True, anecdotal evidence can be important, but it's not empirical science (a point that Skeptical Inquirer and its hordes of debunkers continually emphasize). Everything Korff says is purely hearsay and clearly lies outside the realm of either scientific refutation or within the high standards normally demanded by a publication like Skeptical Inquirer (as if aware of this fact, SI did do a little back peddling a few months later with a follow-up article by Michael Dennett entitled Some Reasons for Caution about the Bigfoot Film Expose, Jan/Feb 2005. Even SI occasionally smells a rat—especially when it's one who helped write a book that happened to be hitting the bookshelves just then.)
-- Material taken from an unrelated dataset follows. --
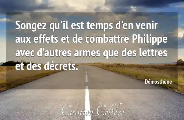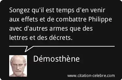 Songez qu'il est temps d'en venir aux effets et de combattre Philippe avec d'autres armes que des lettres et des décrets.

The point I'm trying to make is that if the skeptical community wants to be fair, they need to hold themselves to the same standards that they expect of their opponents. A skeptic would never accept an anecdotal story about a UFO-even if attested to by a number of reliable witness-as valid evidence (much less "proof") of extraterrestrial visitation, so why are they so quick to accept accounts like Korff's as evidence that the Patterson film is a fake? In the end, it may indeed be demonstrated to have been a hoax (though one should wonder why no one to date has been able to replicate the Patterson costume, especially with the technology and makeup sophistication available to us today; to date, every effort to do so has proven to be laughably feeble. The fact that Patterson's footage remains controversial almost four decades after it was produced demonstrates the fact that it is either one of the most superb-and unrepeatable-hoaxes ever perpetrated or the real McCoy.) If it is to accomplish that lofty goal, however, it will take more than Kal Korff's and others of his kind's tacky and easily dismissed efforts to do it.
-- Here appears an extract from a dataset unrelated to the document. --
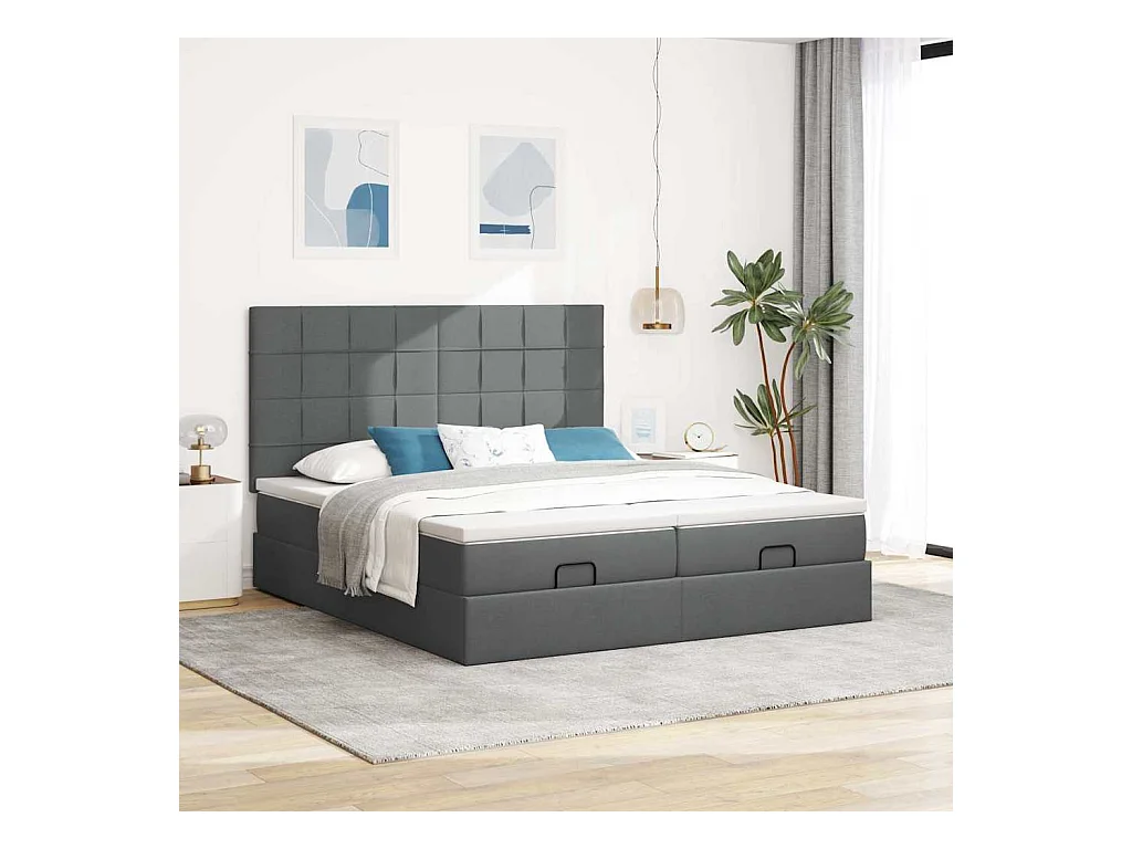 Cadre de lit ottoman avec matelas gris foncé 180x200cm tissu

As such, I think I'll continue to blindly believe the Patterson film (despite the media's assumption that it has been successfully debunked—again, at least according to Kal—to be the best photographic evidence to date that the hills of the Pacific Northwest are alive with the sound of Sasquatch. Of course, that's just an opinion (or a bias, if you prefer) but then so is the assumption that the footage is a hoax. Both positions are purely subjective preferences, based in small part on perceived logic and a great deal on faith. For some, it is a faith that human beings remain hopelessly gullible, that anything can be easily faked, and that there are no more mysteries in the world; to others, it the kind of faith which believes in basic human honesty and intelligence, the logistical difficulties involved in hoaxing anything well, and that the world remains a mysterious and not entirely known place yet, with just enough space left to squeeze in one more as yet unclassified and uncatalogued 600-pound primate. I leave it for the reader to decide in which world they'd rather live in.